At the beginning of Scibona's new compelling novel, The Volunteer, we are introduced to a small boy speaking an unknown language who is abandoned by his father at an international airport, with only the clothes on his back and a handful of money jammed in the pocket of his coat.
In order to understand this heartbreaking and indefensible decision, the story must go back decades to when a young man named Vollie Frade enlists in the United States Marine Corps to fight in Vietnam. This decision was made borderline on a whim, and Vollie breaks definitively from his rural Iowan parents and puts in motion an unimaginable chain of events.

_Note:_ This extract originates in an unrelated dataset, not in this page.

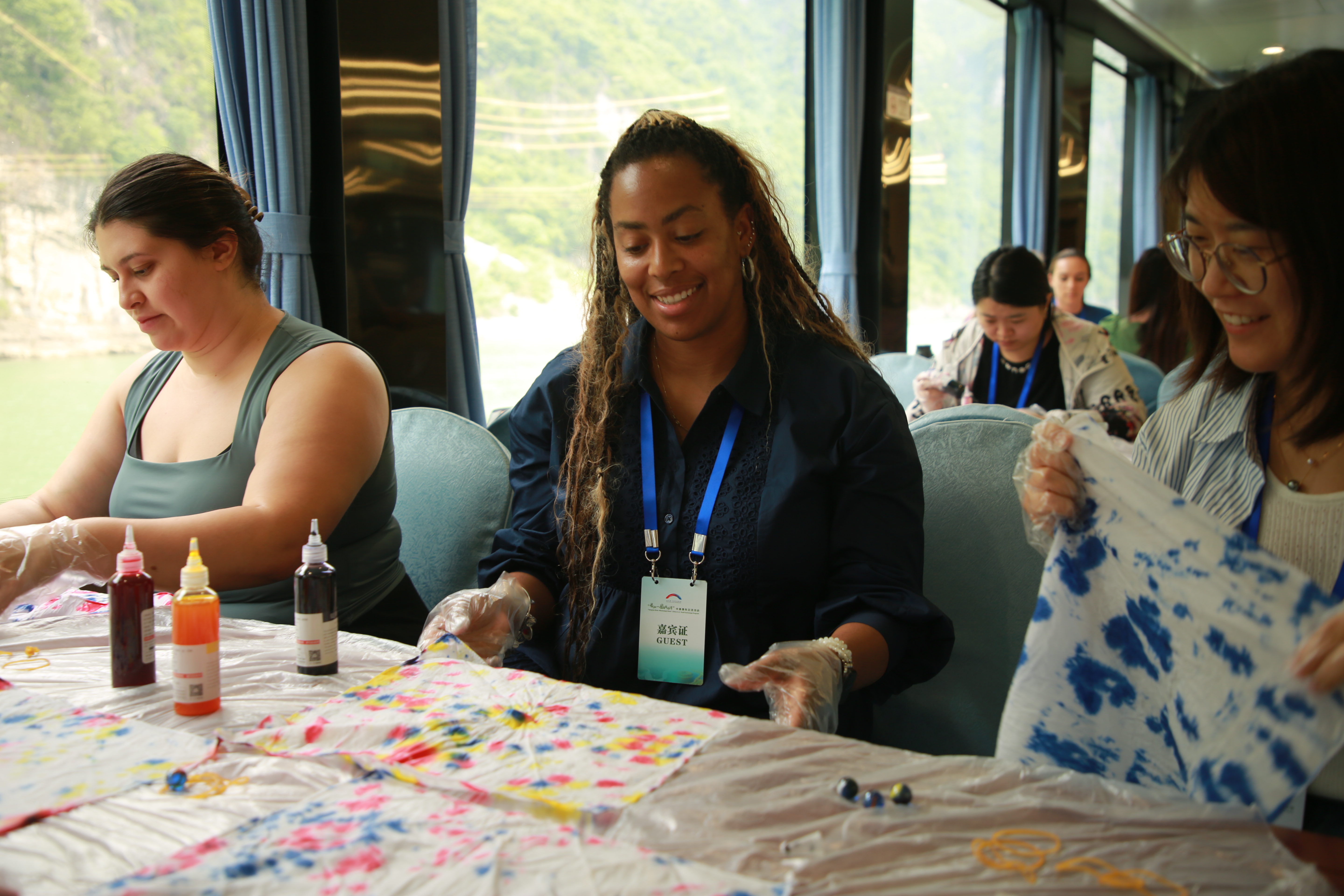 The youth also embarked on a Yangtze River cruise, where they had the opportunity to experience the traditional Chinese tie-dye craft and enjoy the scenic beauty of the river. Mason Smith, a student at the University of California, Los Angeles, remarked that the openness of the tie-dye creation process was full of surprises and fun.

Vollie goes to work for insidious people with intentions he cannot yet grasp, going from the Cambodian jungle to a flophouse in Queens to a commune in New Mexico. In this journey, he traces a secret history of life on the margins of America that culminates with an inevitable and terrible reckoning.
Scibona tells this story with intense feeling, uncommon erudition, and bracing style. It is a pensive exploration of how we are capable of both inventing and discovering out true families and a lacerating interrogation of institutional power at its most compelling and terrifying.
The Volunteer is an odyssey of loss and salvation raging across four generations of fathers and sons, a triumph in the grandest traditions of American storytelling.

The Woman In The Window
By A.J. Finn
William Morrow; paperback, $16.99; available Tuesday, March 5



Anna Fox lives alone, a recluse in her New York City home who is unable to venture outside. She spends her day drinking wine, maybe a little too much, watching old movies, recalling happier times , and spying on her neighbors.
Then the Russells move into the house across the way, a father, a mother, their teenage son, seemingly the perfect family. But when Anna, gazing out her window one night, sees something she shouldn’t, her world begins to crumble, and its shocking secrets are laid bare.
This provocative story will leave you wondering: What is real? What is imagined? Who is in danger? Who is in control? In this diabolically gripping thriller, no one—and nothing—is what it seems.
The Woman in the Window is a twisty and powerful story, ingenious and moving. It is a smart, sophisticated novel of psychological suspense that recalls the best of Alfred Hitchcock.
Fox 2000 preempted rights for the movie, which is scheduled to hit the big screen on October 4, 2019. The movie will star Amy Adams, Julianne Moore, and Gary Oldman. It will be directed by Joe Wright (Darkest Hour), produced by Oscar winner and book-to-film specialist Scott Rudin (No Country for Old Men, The Girl With the Dragon Tattoo, The Social Network), and the script will be written by Pulitzer Prize winner Tracy Letts (August: Osage County).
When The Woman in the Window was originally released last year, it debuted at Number 1 on the New York Times bestseller list, the first novel to hit 1 since 2006. Through the first six months of 2018, it ranked as the biggest-selling adult novel of the year, including both hardback and paperback titles. It has sold more than a million copies in the United States.
The Woman In the Window has been sold in 43 territories worldwide and in 41 languages, setting advance records in numerous markets.